No need to step through, regarding Legacy OpenGL

Intel provides an implementation for Windows up to OpenGL 3.1 with Sandy Bridge CPUs and OpenGL 4.0 with Ivy Bridge CPUs. However, Intel’s Linux open-source driver developers have recently stated that they will not provide backward-compatibility on Linux.

GL_ARB_buffer_storage is 4.3, too new to be used with the Legacy API on your GPU.

Once someone (or I) write a modern OpenGL renderer into the client this will be resolved.
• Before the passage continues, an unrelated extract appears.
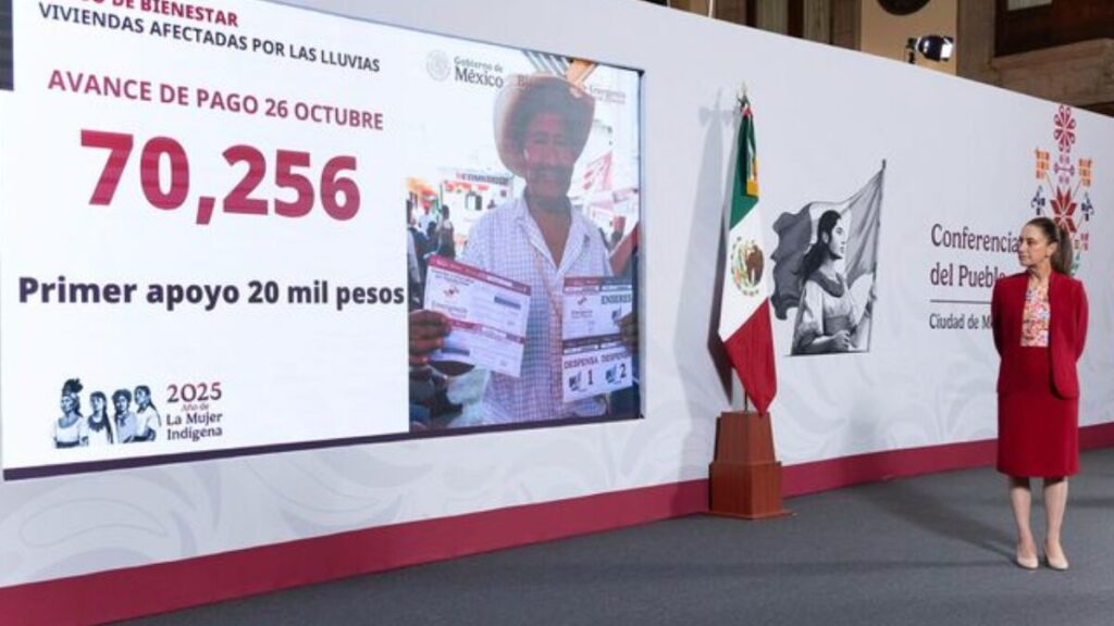 El Gobierno de México, a través de la Secretaría de Bienestar, informó que, al 26 de octubre, 70 mil 256 personas han recibido el primer apoyo de 20 mil pesos, así como dos vales de despensa y uno de enseres, por las afectaciones a causa de las lluvias extraordinarias registradas a comienzos de octubre en Veracruz, Hidalgo, Puebla, San Luis Potosí y Querétaro.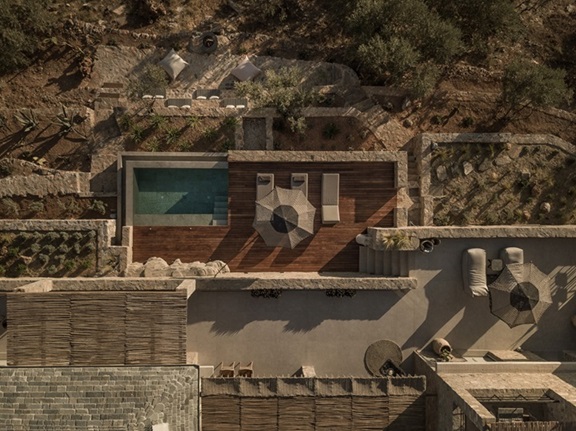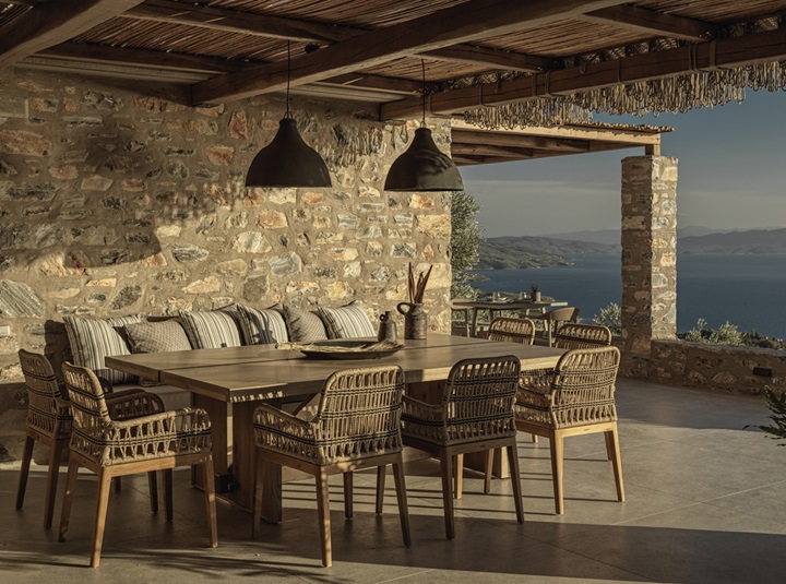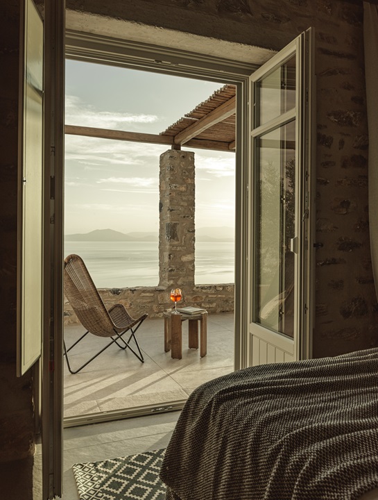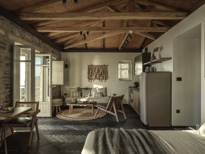 Στις σουίτες η αισθητική σέβεται το τοπίο και οι απαλοί γήινοι τόνοι συνδυάζονται με λιτές γραμμές που αναδεικνύουν τη φυσική ομορφιά. Οι μεγάλες ανοιχτές βεράντες, οι πέργκολες από καστανιά και λυγαριά, τα φυτά και τα ελαιόδεντρα μεταφέρουν την αίσθηση της γης με μια αύρα ηρεμίας και χαλάρωσης. Ο αρχιτεκτονικός σχεδιασμός και το interior design φέρουν την υπογραφή του G2lab δημιουργώντας μια bohemian chic ατμόσφαιρα.

Right, so modern renderer time.

I managed to have the vm run

I did the following

Edit /etc/libvirt/qemu.conf and set

user = "qemu"
group = "qemu"
dynamic_ownership = 1

Now I get this

[I] main.c:560 | run | Looking Glass (a3-0-gead48195db)
[I] main.c:636 | run | Initialized OpenGL
[E] ivshmem.c:105 | ivshmem_connect | socket connect failed
[E] main.c:711 | run | failed to connect to the ivshmem server
[W] ivshmem.c:215 | ivshmem_disconnect | socket not connected

Even though it did bind before running the vm

make sure you specify the socket path to looking-glass-client if you changed it. Also ensure the client has permission to use the socket, check the file’s permissions.